## Exercise requirements:
Skipping all pictures, set down the lines of the listing from the first through the one with "- Preparación de".

## Dataset content:
+===+

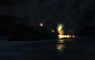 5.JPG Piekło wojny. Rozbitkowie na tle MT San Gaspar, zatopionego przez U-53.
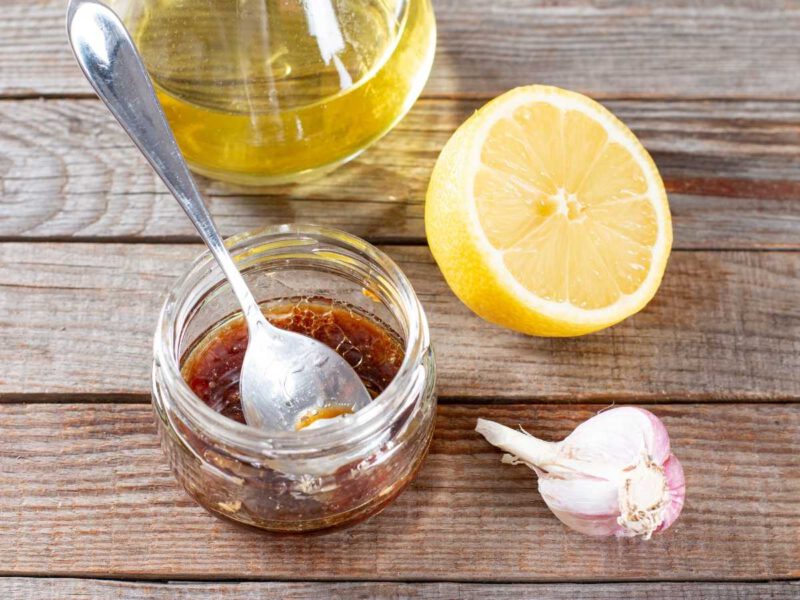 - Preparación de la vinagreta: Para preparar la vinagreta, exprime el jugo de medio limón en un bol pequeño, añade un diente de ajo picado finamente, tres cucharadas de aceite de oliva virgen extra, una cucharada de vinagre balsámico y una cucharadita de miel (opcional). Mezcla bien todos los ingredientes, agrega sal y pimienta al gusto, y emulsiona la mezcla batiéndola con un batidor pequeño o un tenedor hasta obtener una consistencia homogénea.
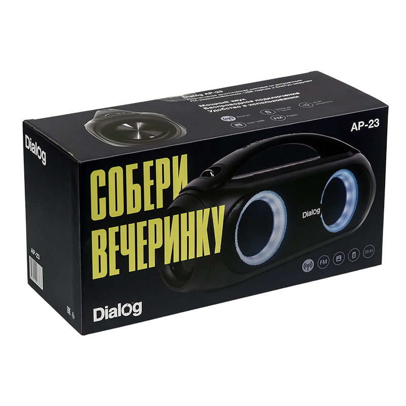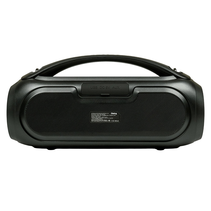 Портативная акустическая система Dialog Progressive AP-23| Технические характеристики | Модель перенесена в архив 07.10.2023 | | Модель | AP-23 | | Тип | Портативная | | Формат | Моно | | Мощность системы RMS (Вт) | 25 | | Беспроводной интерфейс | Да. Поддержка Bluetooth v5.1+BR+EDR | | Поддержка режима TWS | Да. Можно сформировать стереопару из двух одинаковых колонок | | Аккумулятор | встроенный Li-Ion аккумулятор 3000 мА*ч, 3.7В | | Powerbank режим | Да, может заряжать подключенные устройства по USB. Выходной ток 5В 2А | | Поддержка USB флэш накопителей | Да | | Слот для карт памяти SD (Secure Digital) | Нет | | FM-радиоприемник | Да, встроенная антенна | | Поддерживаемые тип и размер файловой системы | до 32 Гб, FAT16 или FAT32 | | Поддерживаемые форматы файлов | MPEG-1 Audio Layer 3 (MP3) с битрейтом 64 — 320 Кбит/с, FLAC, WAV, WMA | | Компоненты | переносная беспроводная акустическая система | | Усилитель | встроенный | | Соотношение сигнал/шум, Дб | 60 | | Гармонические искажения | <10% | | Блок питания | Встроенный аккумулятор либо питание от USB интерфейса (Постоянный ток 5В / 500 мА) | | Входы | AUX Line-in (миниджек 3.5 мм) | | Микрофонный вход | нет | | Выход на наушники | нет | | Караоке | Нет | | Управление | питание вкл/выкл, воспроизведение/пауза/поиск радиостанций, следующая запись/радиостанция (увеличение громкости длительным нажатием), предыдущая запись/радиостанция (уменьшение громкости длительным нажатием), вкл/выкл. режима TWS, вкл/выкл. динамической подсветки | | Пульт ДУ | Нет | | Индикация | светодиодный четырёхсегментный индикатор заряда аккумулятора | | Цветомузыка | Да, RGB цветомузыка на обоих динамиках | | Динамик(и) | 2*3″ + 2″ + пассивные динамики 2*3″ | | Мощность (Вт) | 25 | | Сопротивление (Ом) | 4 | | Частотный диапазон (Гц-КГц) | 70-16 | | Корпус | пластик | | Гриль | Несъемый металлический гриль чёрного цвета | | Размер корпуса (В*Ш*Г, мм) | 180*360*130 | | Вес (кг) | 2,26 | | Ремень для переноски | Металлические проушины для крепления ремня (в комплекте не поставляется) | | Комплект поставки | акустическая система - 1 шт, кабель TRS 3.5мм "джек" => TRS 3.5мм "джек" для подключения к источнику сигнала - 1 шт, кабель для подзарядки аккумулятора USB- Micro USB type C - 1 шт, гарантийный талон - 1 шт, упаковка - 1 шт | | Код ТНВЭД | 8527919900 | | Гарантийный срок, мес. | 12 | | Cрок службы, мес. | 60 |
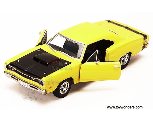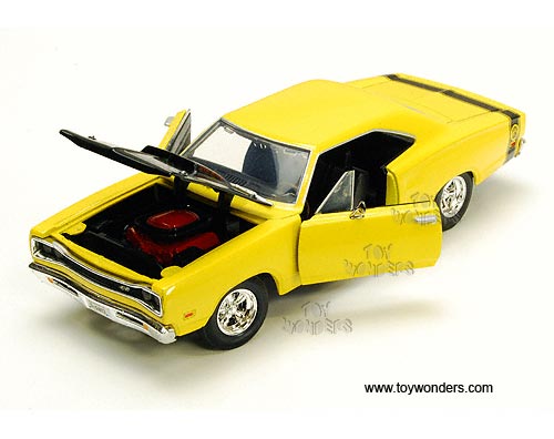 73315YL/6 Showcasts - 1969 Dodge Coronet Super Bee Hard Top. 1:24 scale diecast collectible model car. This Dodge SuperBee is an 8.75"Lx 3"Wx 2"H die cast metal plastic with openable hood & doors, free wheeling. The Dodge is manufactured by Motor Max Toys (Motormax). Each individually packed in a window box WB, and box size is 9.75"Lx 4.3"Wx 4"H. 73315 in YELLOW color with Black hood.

+===+

## Result of this exercise:
 5.JPG Piekło wojny. Rozbitkowie na tle MT San Gaspar, zatopionego przez U-53.
 - Preparación de la vinagreta: Para preparar la vinagreta, exprime el jugo de medio limón en un bol pequeño, añade un diente de ajo picado finamente, tres cucharadas de aceite de oliva virgen extra, una cucharada de vinagre balsámico y una cucharadita de miel (opcional). Mezcla bien todos los ingredientes, agrega sal y pimienta al gusto, y emulsiona la mezcla batiéndola con un batidor pequeño o un tenedor hasta obtener una consistencia homogénea.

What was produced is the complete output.